Jeff and I refill our own wineskins. As the orientation video explained, Pleisto-Scene Island serves only Stone Age vin de primeur , the juice of naturally fermented wild grapes. I take a grateful tug, pleased to taste some bite in the booze.
We sit down at one of the stone picnic tables and dig into our arugula and berries. Our tablemates include the tax attorney we met earlier, a periodontist, and a belly dancer. Laughing, we take mock-fierce tugs from our wineskins. By the time we finish our salads, we’re all using our cave names, sprinkling our conversation with sarcastic primal grunts.
A waitress in a fur bikini appears, lugging a grilled suckling pig on a wooden trencher. The pig, garnished with charred carrots and turnips, glistens in the torchlight. When my tablemates lift their phones to snap pics, I remember how Tim, my fiancé, swore he’d obsessively check Flickr for glimpses of my transformation. But I won’t post a single thing. He’ll peer into cyberspace and find a black void.
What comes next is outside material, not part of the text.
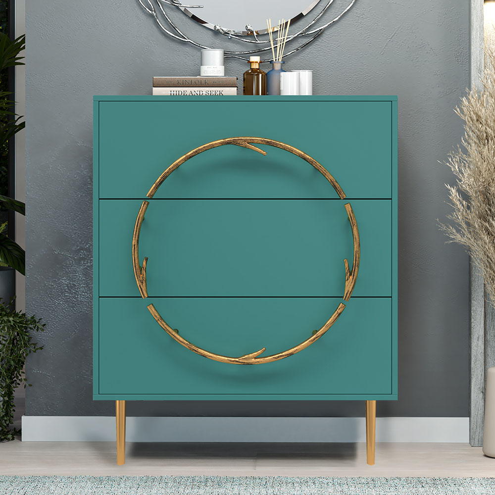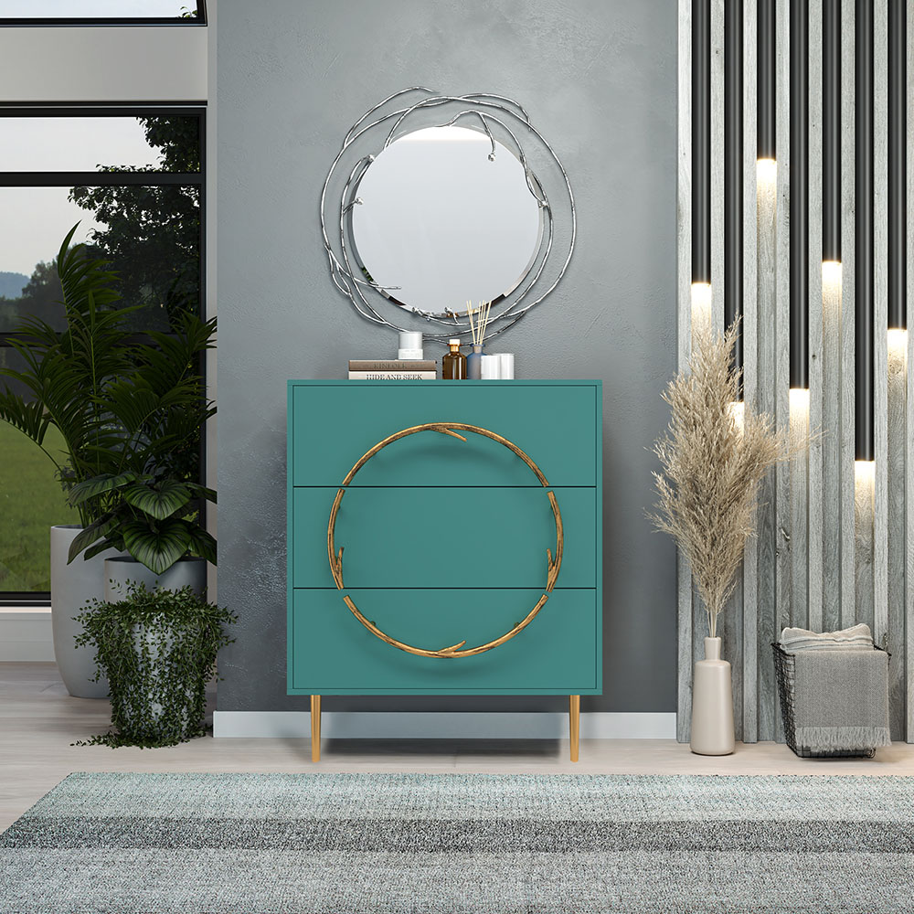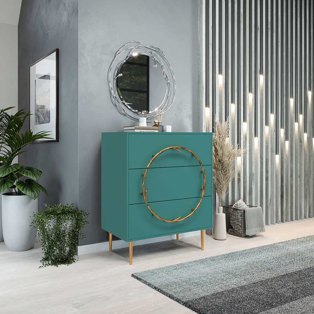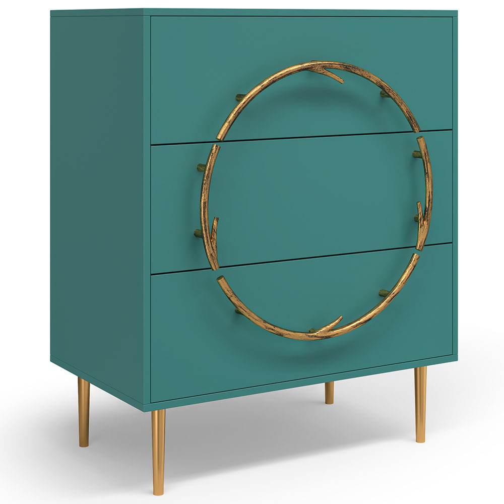 Комод Арт Колор matte Стайл Голд с 3 ящиками Пастельно-синий матовый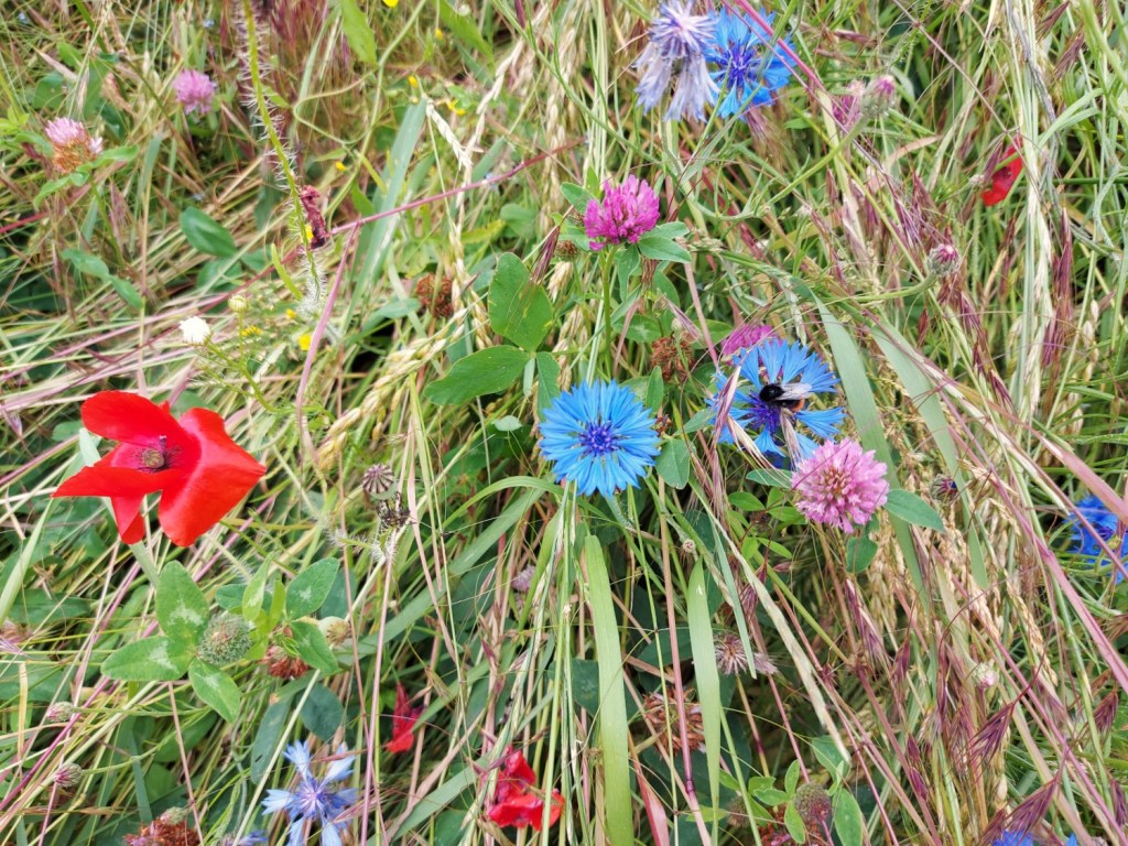 Jeg gik lidt ind i marken – der var spor efter, at andre havde gjort det samme, og jeg holdt mig i deres fodspor. Og mens jeg kiggede ned for ikke at træde på de smukke blomster, så jeg, at under valmuerne blomstrede både kornblomster og rødkløver. Som at være i blomsterparadis…

“The pig has been stuffed with its own minced vital organs, a caveman power food,” says our waitress.
“Uh, plates?” says Jeff.
“Try to enjoy the carnal experience of communal eating.” The waitress, a college girl who channels Raquel Welch from One Million Years B.C ., winks. “Of tearing off hunks of flesh with your bare hands.” The waitress licks her lips and leaves us alone with our dead piglet.
“Well, this is awkward,” says the periodontist. “How do we begin?”